The 2023 LSU Tigers football team will represent Louisiana State University (LSU) in the Western Division of the Southeastern Conference (SEC) during the 2023 NCAA Division I FBS football season. The Tigers are expected to be led by Brian Kelly in his second year as LSU's head coach. 

LSU was ranked sixth in the 2023 college football recruiting class.

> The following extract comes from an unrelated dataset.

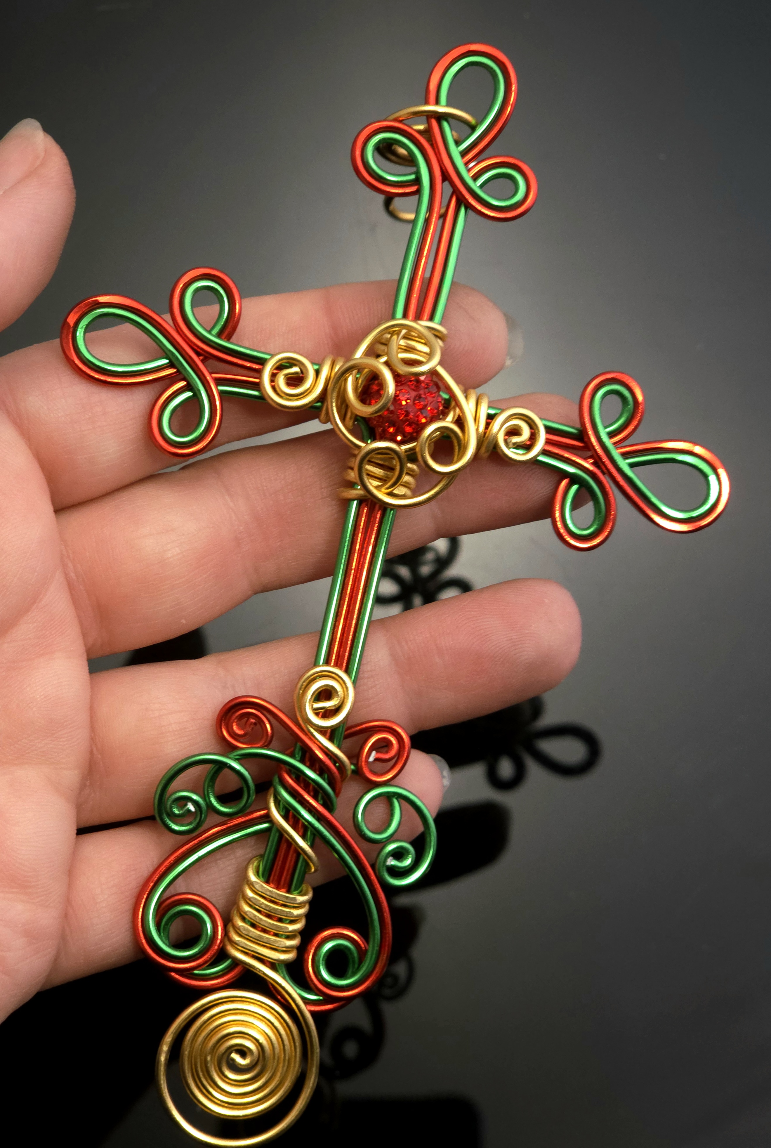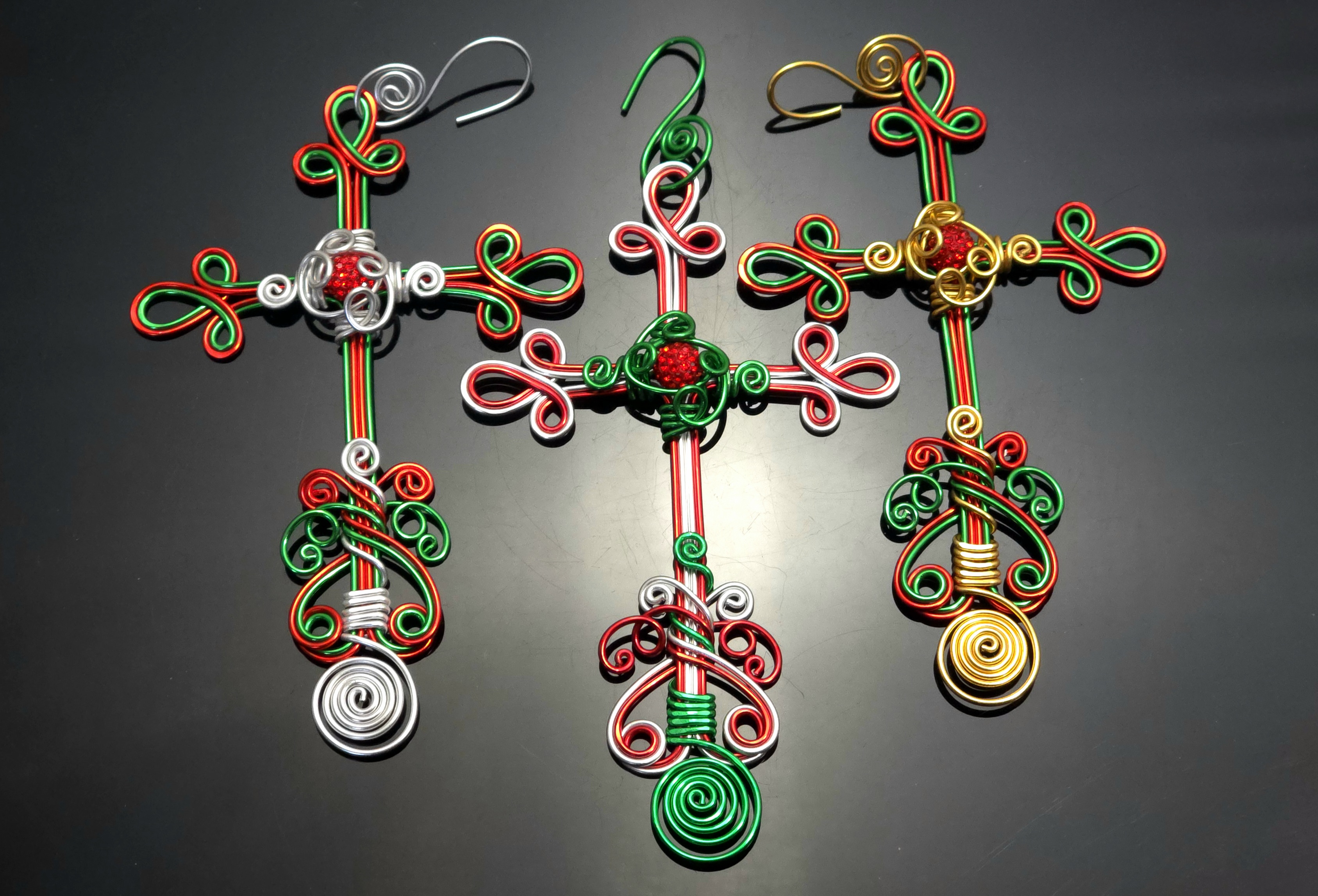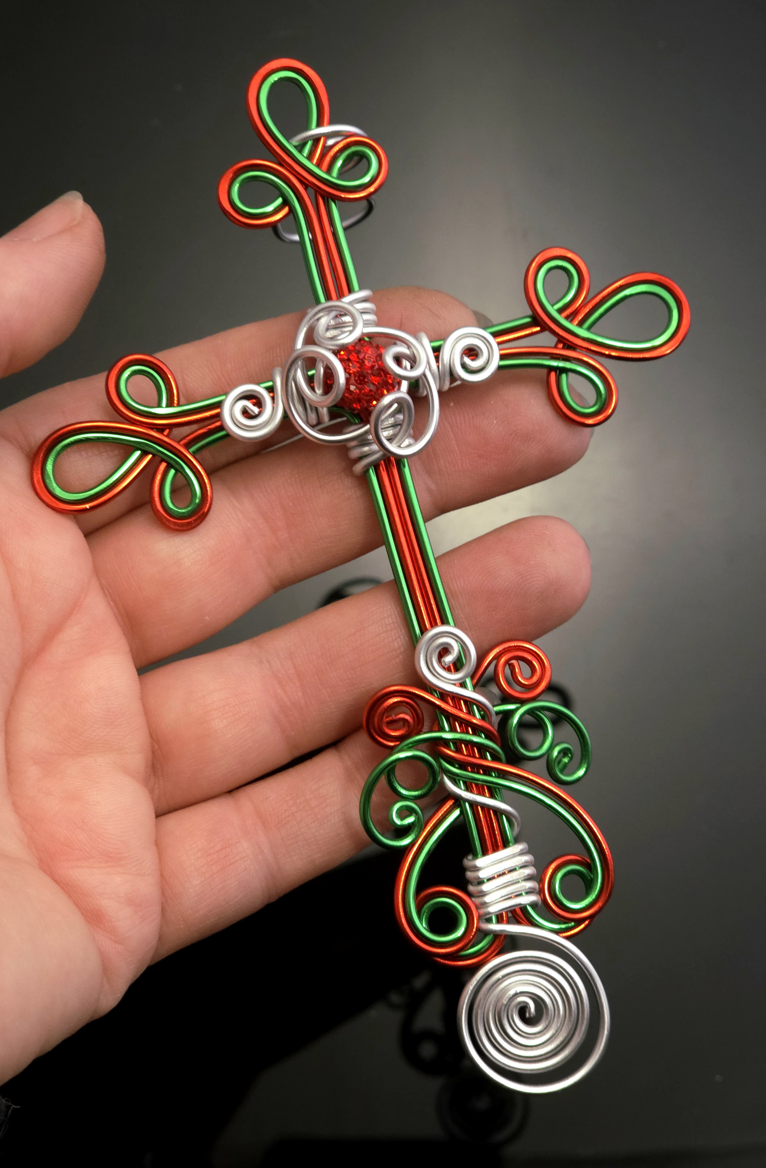I personaly design and handmake each of these ornate crosses myself. I hand wire wrap them using 14 gauge light weight non tarnishing anodized aluminum wires in different Christmas colors. These make a great christmas gift. It Can be hung anywhere; christmas tree, car, work desk or even a ceiling fan. Anodized aluminum is super light weight making it perfect for a christmas ornament. It Will not drag down your tree.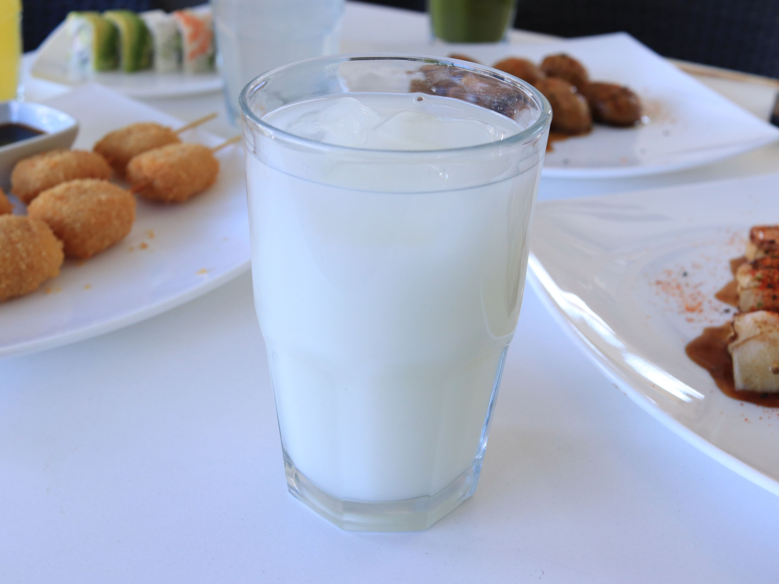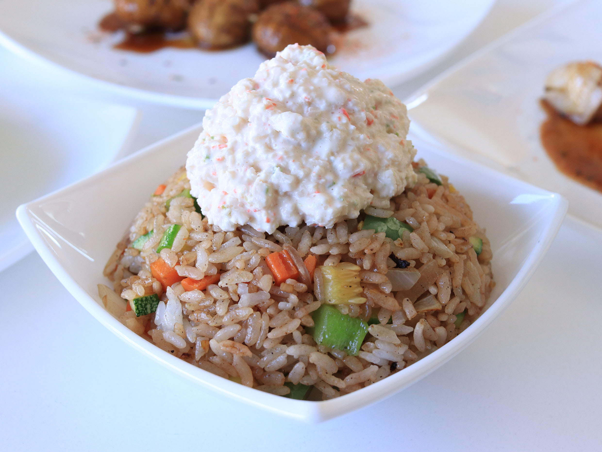 Tazón con arroz blanco al vapor surimi, queso crema, salsa tampico y aguacate; servido con salsa dulce.

LSU's football team plays its home games at Tiger Stadium in Baton Rouge, Louisiana.

Schedule
LSU and the SEC announced the 2023 football schedule on September 20, 2022. The 2023 Tigers' schedule consists of 7 home games, 4 away games and 1 neutral site game for the regular season. LSU will host four SEC conference opponents Arkansas (rivalry), Auburn (rivalry), Florida (rivalry) and Texas A&M (rivalry) at home and will travel to four SEC opponents, Alabama (rivalry), Mississippi State (rivalry), Missouri and Ole Miss to close out the SEC regular season on the road. LSU is not scheduled to play SEC East opponents Georgia, Kentucky, South Carolina, Tennessee and Vanderbilt in the 2023 regular season. The Tigers's bye week comes during week 9 (on October 28, 2023).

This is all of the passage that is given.